Slightly discouraged and with the machine becoming increasingly unresponsive, I was informed that the sysadmins had set up proxies running mod_proxy to handle the front end traffic. However, they noticed that their caches weren't filling up. We fixed this for media with the apache mod_expires module, and for php scripts we manually set, using header, an Expires and Cache-Control header. There's an excellent tutorial available if that sounds like greek to you. This was largely guided by the excellent guide, They still didn't click - what gives?
I browsed to the site directly and looked at the HTTP headers using curl. I noticed it was setting a cookie with a PHP session ID - of course! start_session() was being called in an include of tiki, and start_session sets a cookie. Pages with cookies aren't going to be cached by most real-world caches. So, I made start_session() conditional, and arranged for it to run only on pages I knew needed access to the session data.
The machine was doing fewer requests now, but the IO still was hurting hard. I reached for my strace output, and saw a bunch of :
open("/var/local/tiki/lang/es/language.php", O_RDONLY) = 7
Gross! Worse still, it was crawling through in the include path several times before finding the file, causing several expensive filesystem syscalls per request, all to load, and compile, this roughly 300KB file.
I went and found the code that was causing this:

function tra($content, $lg='') {
global $lang_use_db;
global $language;
if ($lang_use_db != 'y') {
if ($lg == "" || $lg == $language) {
global $lang;
include_once("lang/$language/language.php");
}
else
include ("lang/$lg/language.php");

Opcode caches are known to not play well with conditional includes such as include_once or an include inside of a branch, and this function didn't have a shortage of this problem. The kicker? All the language.php files were doing was setting a $lang array. It was a perfect job for memcached.

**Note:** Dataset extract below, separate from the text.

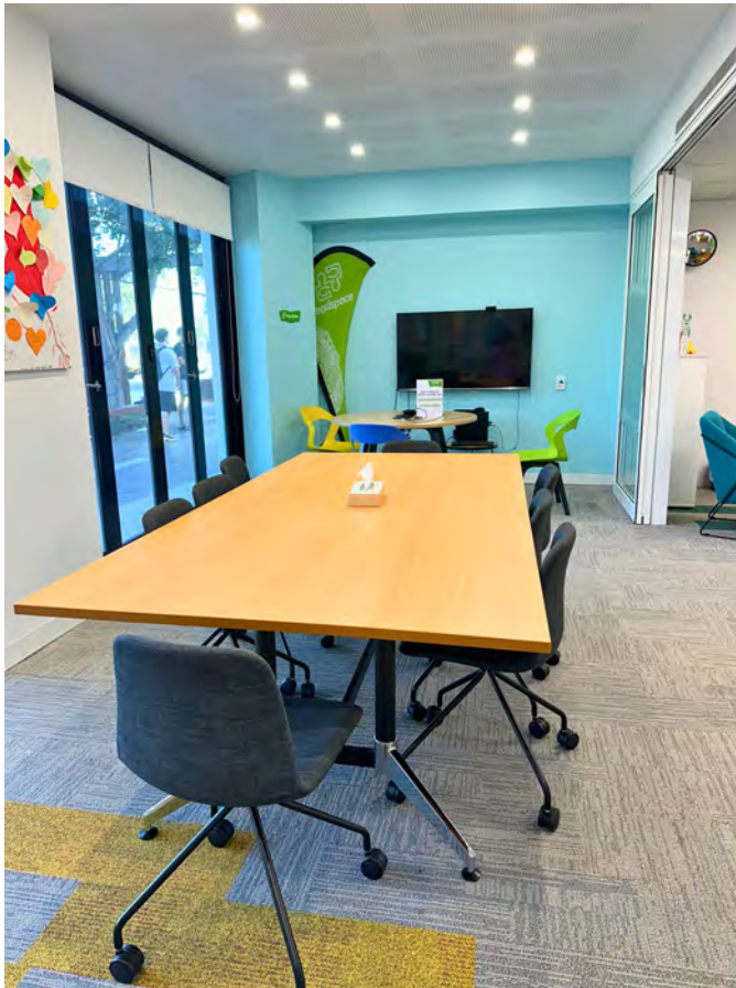
Image description: A long table with 8 chairs, and a small table with four chairs. There is a TV and phone charging station. This room is called 'The Clyde'.

function tra($content, $lg='') {
global $lang_use_db;
global $language;
global $memcache_obj;
global $lang;
if(empty($lg)) $lg = $language;
if ($lang_use_db != 'y') {
if(!$lang) {
$lang = memcache_get($memcache_obj, $lg);
}
if(!$lang) {
include ("lang/$lg/language.php");
memcache_set($memcache_obj, $lg, $lang, 0, 600);
}

And at the top of the file somewhere, I created a $memcache_obj object with memcached_pconnect. Instantly, the load on the machine dropped, and the problem them became mysql threads, and not apache threads.
Tikiwiki (mis)uses a tiki_searchindex table, and while I now have some idea of what this does, exactly, there were aspects of what I saw and read in the code that are still bizarre to me. The important things to note, however, is that the database was almost constantly doing inserts and deletes on this table, and the content of the table was an index for searching. I pruned the table a bit and recreated the table with the MEMORY engine, and the performance increased markedly.
That was enough to keep the site online. I was able to go in to this application - without any prior exposure to Tiki - and through simple analysis of what the machine was actually doing, able to make surgical changes to the codebase to get the extra oomph that the system needed. In the end, most of what I did wouldn't have been possible were it not for strace(1). I should point out for the BSD users in the crowd, ktrace(1) works very well for me and is less buggy than the procfs-based strace port, or at least on FreeBSD.